Álvaro Montes recibió al tercero a porta gayola y lo templó a punta de garrocha en un bonito galope por delante. Dos rejones de castigo en lugar de sólo uno fueron letales para el toro, que estuvo a punto de morir de pie y dejó de atender a cualquier reclamo. Montes se exhibió en alardes de doma –corvetas, lanzadas, piruetas- del todo ajenos a la lidia propiamente. El toro agonizaba.

El cuarto fue una birria de toro y, si no es porque estaban ateridos los paganos, se habría exigido el sobrero. Sergio Galán, con cuadra de sobresaliente porte, trató de clavar al pitón contrario, pero se quedó el toro en todos los intentos. O se abriría más de la cuenta Galán. O batiría antes de tiempo. Los caballos de Galán parecían gigantescos en contraste con la lámina enclenque del toro. Frustrante. Galán se atascó con el descabello.

Cuando asomó con juvenil entusiasmo el riojano Sergio Domínguez, el espectáculo pesaba cual vaca en brazos. Un quinto toro de espectacular telera, badana de babero que le colgaba hasta casi las pezuñas. Cabezón, corto de manos, el toro tenía algo de monstruo de Sendak. Fue de rara conducta. Lo mismo atacaba como un poseso al galope que se atropellaba sin más. No fue sencillo. Sergio dejó probado que se ha convertido en un segurísimo jinete. Imponente dominio. Estuvo valiente. No tan acertado al clavar. Quiso ser puro en los ataques de frente y sin ventajas, y lo fue aunque no siempre acertara al herir. O, colmo de la puntería, prendiera farpa sobre farpa para hacer saltar las dos de un golpe. Se descolgó con teléfonos sobre el testuz en bello alarde. No dejó que la faena se quedara sin ritmo. Dejó detalles de doma buena. Y sacó una cuadra muy puesta.

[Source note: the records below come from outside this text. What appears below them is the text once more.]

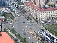 The intersection of Chinggis Khan Avenue and Peace Avenue, a major intersection, in Sukhbaatar District. | |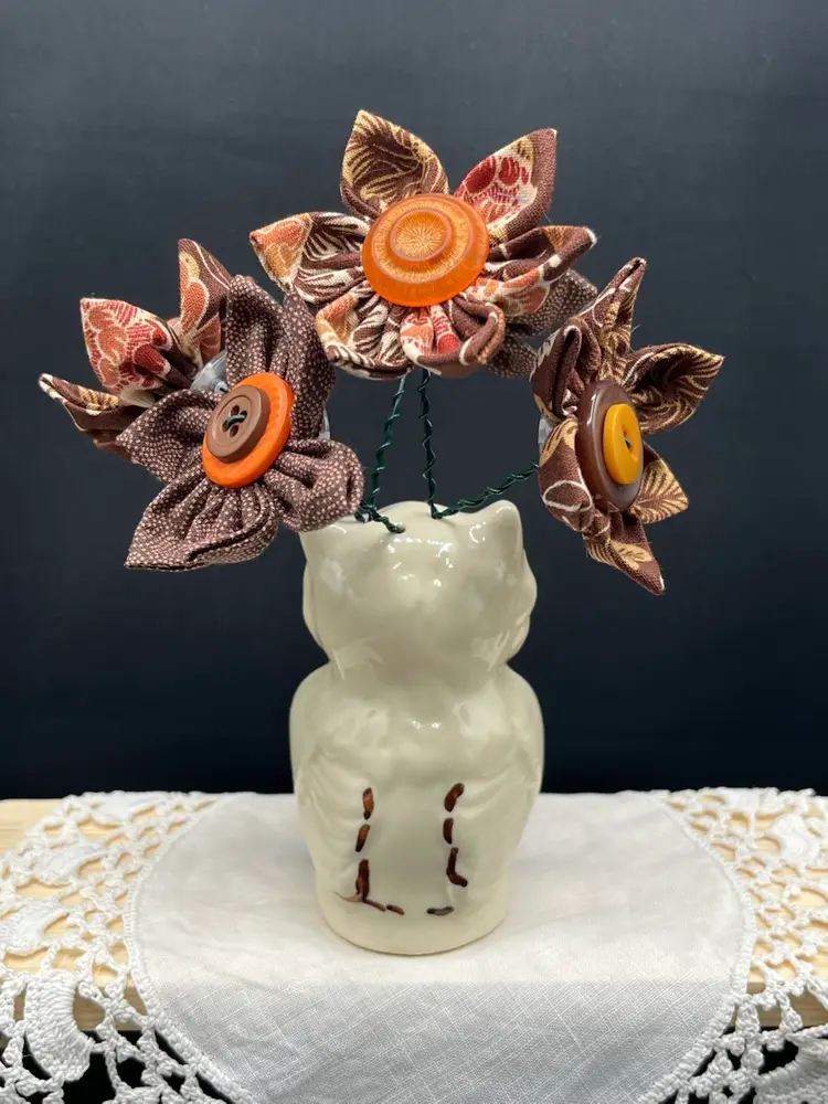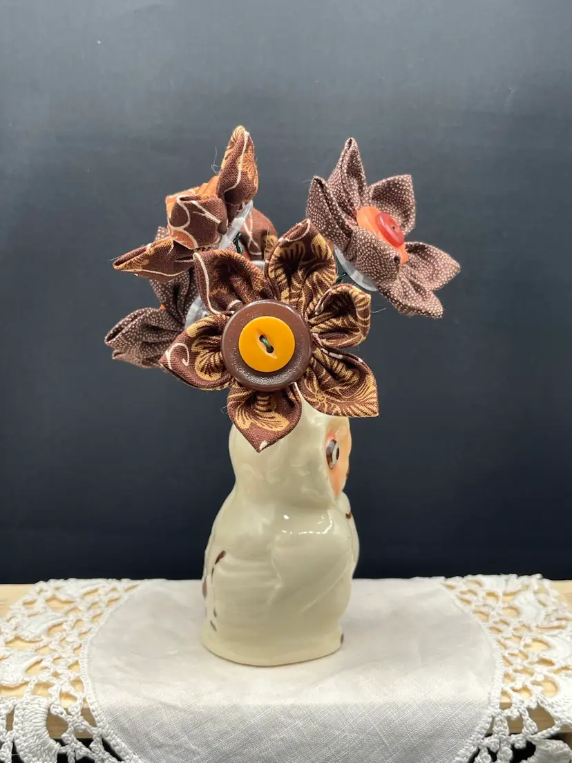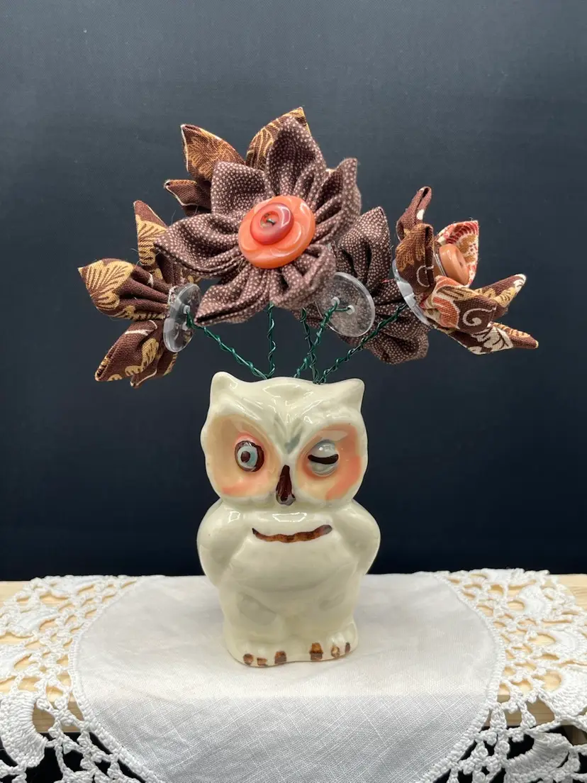 Hand sewn fabric and vintage button flowers arranged in a winking owl shaker. 6.5 x 4”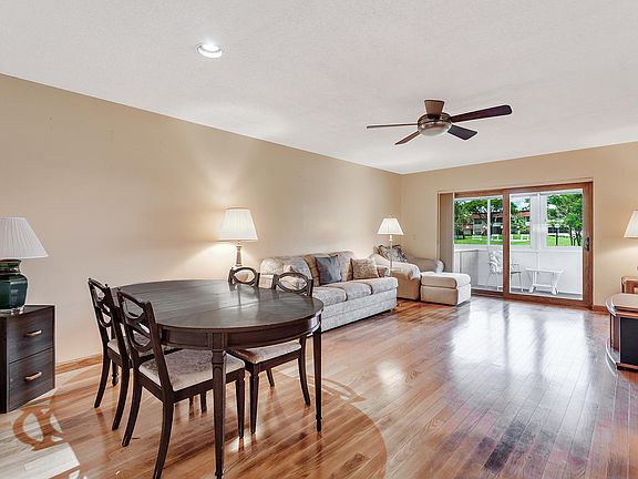 Wait till you see this one on the ground floor.This unit is truly move in ready. This beautiful updated END unit with no one above you. This.has impact windows, new laminate flooring, New hardwood flooring in the living room and dining room Remodeled kitchen with a cute snack bar and NEW electrical panel.. Updated bathrooms as well. Nice large Lanai with a view of the pool and garden. No unit is directly behind u as this is very private. Many amenities to enjoy such as pool, clubhouse, tennis and shuffleboard. Awesome location as minutes to shops and restaurants and 10 minutes to the Wellington Mall. All room sizes are approximate.

Lo heroico fue salir a matar el sexto a un gradito sobre cero. Estaría helado de frío el propio Leonardo Hernández, tan fino jinete como siempre. No helado el toro, que, la sangre caliente, buscó con la mirada por dos veces tablas por donde saltar y que arreó al sentir el rejón de castigo, Bravucón y temperamental el toro. Lo gobernó Leonardo pero sin excesos de confianza. Algo precipitados los ataques. Impacientes. Y, sin embargo, faena a más. Un brillantísimo carrusel con las cortas animó a la gente como si de pronto se hubiera pasado el frío. Una farpa en los medios, en ataque de largo y de frente, y en reunión precisa, fue, en punto a toreo, la mayor maravilla de la tarde. O de la noche.